CRISPR-Gold bearing Cas9 complex was injected into the striatum of the mouse brain (red) that had been created with some form of fragile X syndrome. As a control, normal mice were also injected with CRISPR-Gold.

The new paper proves that CRISPR-Gold can successfully get Cas9 into a variety of cells in the brain.

"We showed in this article that we were also able to edit non-neurons: microglia, which are part of the brain's immune system, and astrocytes, which support neurons," Murthy said. "We have edited them more efficiently than neurons, and these can play a very important role in many diseases."

In 2016, Murthy's lab created a start-up, GenEdit, to produce and test CRISPR-Gold therapies for a variety of genetic diseases. According to GenEdit CEO and UC Berkeley Ph.D. Kunwoo Lee, who is currently working out of the QB3 garage on the UC Berkeley campus, the successful assembly of brain cells opens the door to the treatment of many disorders.

"CRISPR-Gold can be used to treat a variety of genetic diseases, such as Huntington's disease," Lee said. "But this is not limited to monogenic diseases, it can also be used against polygenic diseases, once we have understood the entire network of genes involved."

GenEdit explained how to ship CRISPR-Gold particles long distances – from Berkeley to San Antonio – and make them reproducible, eliminating a bottleneck that has limited the translation of many other nanotechnologies.

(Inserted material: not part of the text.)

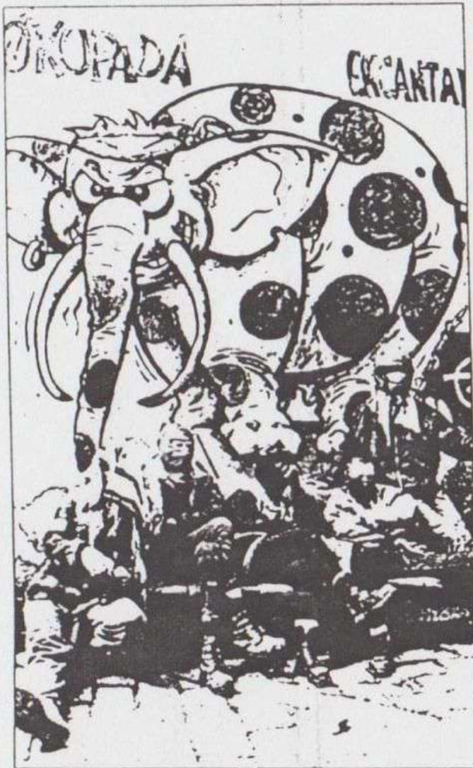
CARLES FRANCESC Cinco okupas posan bajo un mural del Kasal Popular de Valencia.

El espectáculo continuó al día siguiente en el Kasal Popular, que fue cercado durante la mañana por los nacionales. Muy teatralmente se subieron cuatro okupas al tejado haciendo como que se preparaban para defenderse del "asalto" policial, mientras sus abogadillos, que curiosamente pasaban por allí, mostraban a la policía todos los papeles de aquel OKUPA que de "ocupado" no tenía nada. Es fácil ir de okupa cuando por la noche vuelves a casa de los papás, en un buen barrio, a dormir, a que te den de comer y te suelten el dinero suficiente para seguir yendo de "tirao" pero sin correr riesgos, ¿qué emocionante!.

Hye Lee Young, Kunwoo Lee and Murthy are now working to develop CRISPR-Gold particles that can be injected directly into the central nervous system through the spinal cord, thus avoiding opening the skull and injecting directly into the brain. Hye Young Lee is optimistic that it could be as effective as intracranial injection into the striatum to reduce repetitive behavior, and perhaps even solve some of the social interaction problems of ASDs.

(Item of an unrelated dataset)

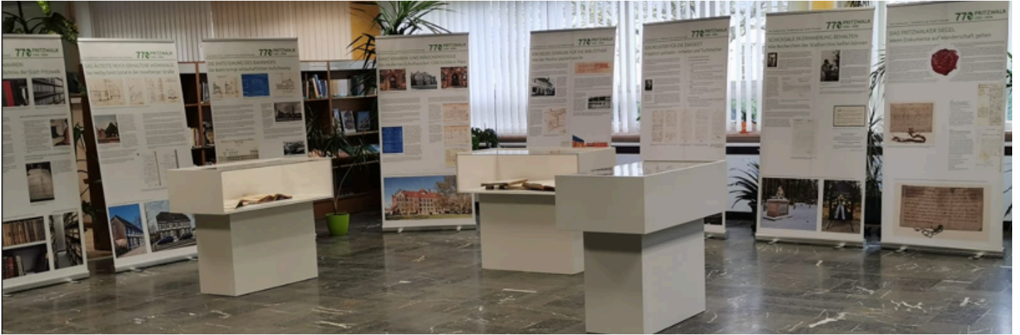
Archivausstellung in Pritzwalk

Unter dem Titel „Das Stadtarchiv – Gedächtnis der Stadt Pritzwalk“ eröffnete das Archiv eine Ausstellung, die noch bis zum Jahresende in der dortigen Stadtbibliothek gezeigt wird. Bereits am Eröffnungstag fand die Ausstellung großes Interesse. Zum Weiterlesen hier .

UT Health San Antonio's Bumwhee Lee Postdoctoral Fellow and GenEdit's Kunwoo Lee are the co-first authors of the article. Other writers are technician Shree Panda, postdoc Vladislav Bugay and associate professor Robert Brenner of UT Health San Antonio, high school student Rodrigo Gonzales-Rojas, and Hyo Min Park and Anthony Chong of GenEdit.

The work was supported by the California Institute for Quantitative Biosciences (QB3) at UC Berkeley, the National Institutes of Health (R01EB023776) and an award from the University of Texas Rising STARs at Hye Young Lee . Kunwoo Lee, Park and Murthy are co-founders of GenEdit Inc.